颜青正拿着花鸟扇在每个饭桌边穿梭。

那情景像足了拿着扇子舞动的女子,在取悦人。

一个顾客笑道,“颜东家,哪天来你酒楼吃饭,要是没有看见你摇着花鸟扇在我面前晃悠,我菜都吃不下了。”

他的话引得同桌的顾客大笑。

颜青也笑了起来。刚刚走过去的身子又折了回来,“哟,这样啊,我多走几遍。”

说完摇着花鸟扇在说话的顾客桌子前又走了一遍。

一个顾客把自己的帕子扎成一朵花样,笑着安在颜青的头上。

“花魁呀!”

可惜是男人青色的帕子,要不然这花魁还真是名副其实。

老管事和马招财摇着头跟着笑了起来。

他们的东家真是太逗了。

而且一点都不怯场。

牟师傅要是看见了,估计手中的刀都要抖一抖。

太震撼了。

颜青笑过后,便往二楼的雅间走去,他得到雅间去转一圈,敬杯酒。

走到拐角处,突然打了两个喷嚏。

他揉了揉自己的鼻子,打的有点莫名其妙呀,还隐隐有点不安。

难道是疏疏在骂他,没有道理呀。

她昏迷的那段时间,自己有多难受,每天都去看她。

恨不得坐在床边一直守着她,就像守着银子一样虔诚。但是谢成不让呀。

每次看见他就像看见蟑螂一样侧目。

真有谢成的……

谢成正坐在船舱里,拿着笔和账册在记录什么,对面坐着李冬,他正在叙述。

两人合作的很好。连谢成向乔疏提出不出船了,想守在疏疏身边时,李冬第一个跳出来阻止。

他不同意。他觉的没有谢成就好像没有主心骨。

阿嚏!

谢成停下手中的笔,揉了揉鼻子。

谁在说他?

李冬也看向他,“谢成,我去关窗。”

谢成觉的自己不是弱不禁风的人,难道是疏疏想自己了。

或许……

谁在骂他?

若是,那一定是颜青!

他觉的只有颜青有这份闲心……

翌日,团子起床后,看见王博还四仰八叉的躺在床上,赶紧把人叫醒。

“快起来,再不起来,赶不上上课了。”

王博要是在家里听见这样的话,一定还得在床上躺上一刻钟,然后是祖父半抱半扶来到饭桌前,吃上一些东西,再迷迷糊糊的被半抱半扶上马车去学院。

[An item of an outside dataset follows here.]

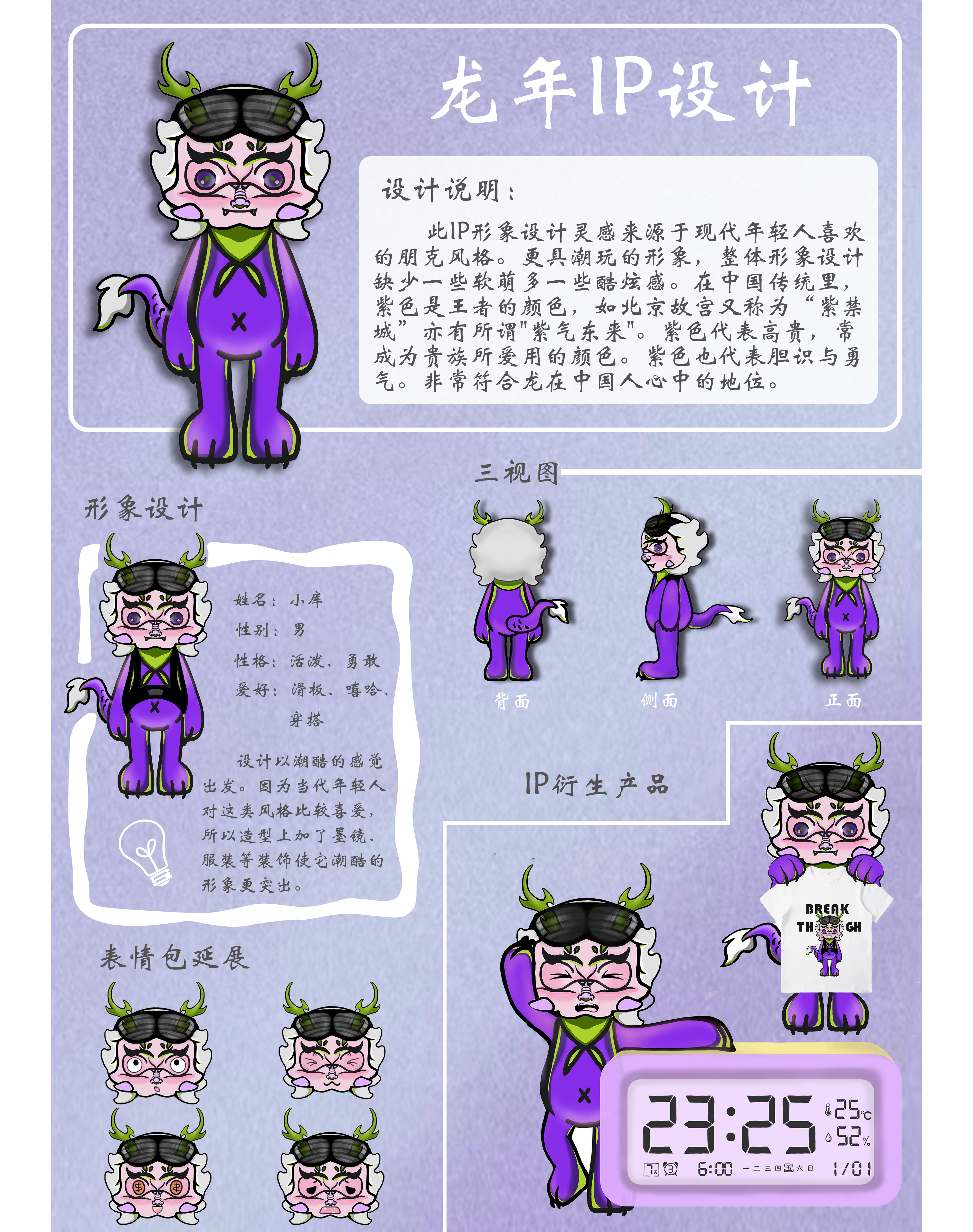 此IP形象设计灵感来源于陕西历史博物馆鎏金铜龙,符合现代年轻人喜欢的朋克风格。更具潮玩的形象,整体形象设计更多一些酷炫感。在中国传统里,紫色是王者的颜色,如北京故宫又称为“紫禁城亦有所谓"紫气东来"。紫色代表高贵,常成为贵族所爱用的颜色。紫色也代表胆识与勇非常符合龙在中国人心中的地位。设计以潮酷的感觉出发。因为当代年轻人对这类风格比较喜爱所以造型上加了墨镜.服装等装饰使它潮酷的形象更突出。

但是,团子可不会惯着他,叫了两遍后,便自顾自的洗漱,再不管还在四仰八叉睡觉的王博。

王博在团子哗啦一声倾倒洗漱水的时候,一个鲤鱼打挺,快速穿衣穿鞋。

那动作,比猴子爬树都快。

因为团子整理好了书本之后就要出门,去学院的饭堂吃东西了。

他要是没有跟上,就得自己去,还得自己去拿饭菜。他害怕排队,挤来挤去的,他每次都被挤了出去。

但是团子不会被挤出去,他站在那里就像一个木桩,别的学子都不敢挨的太近。

他只管站在团子身边,帮忙提就是了。

所以,他每次都要在团子整理书本的时候,把自己搞定,然后拿上自己的书本跟着团子出门。

团子照例看了一眼手忙脚乱的王博,他就想不明白,王博少睡一会儿会死吗。瞧他猴急的样子。

两人照例向学院的饭堂走去,途中遇见了几伙吃过饭走在一起,低着头匆匆往前的人。

王博疑惑,“团子,你有没有发现,他们看我们的眼神特别古怪?”

团子点头,“有,带着怀疑的眼神匆匆一瞥。不仅是看我们,他们看别人也是这样。”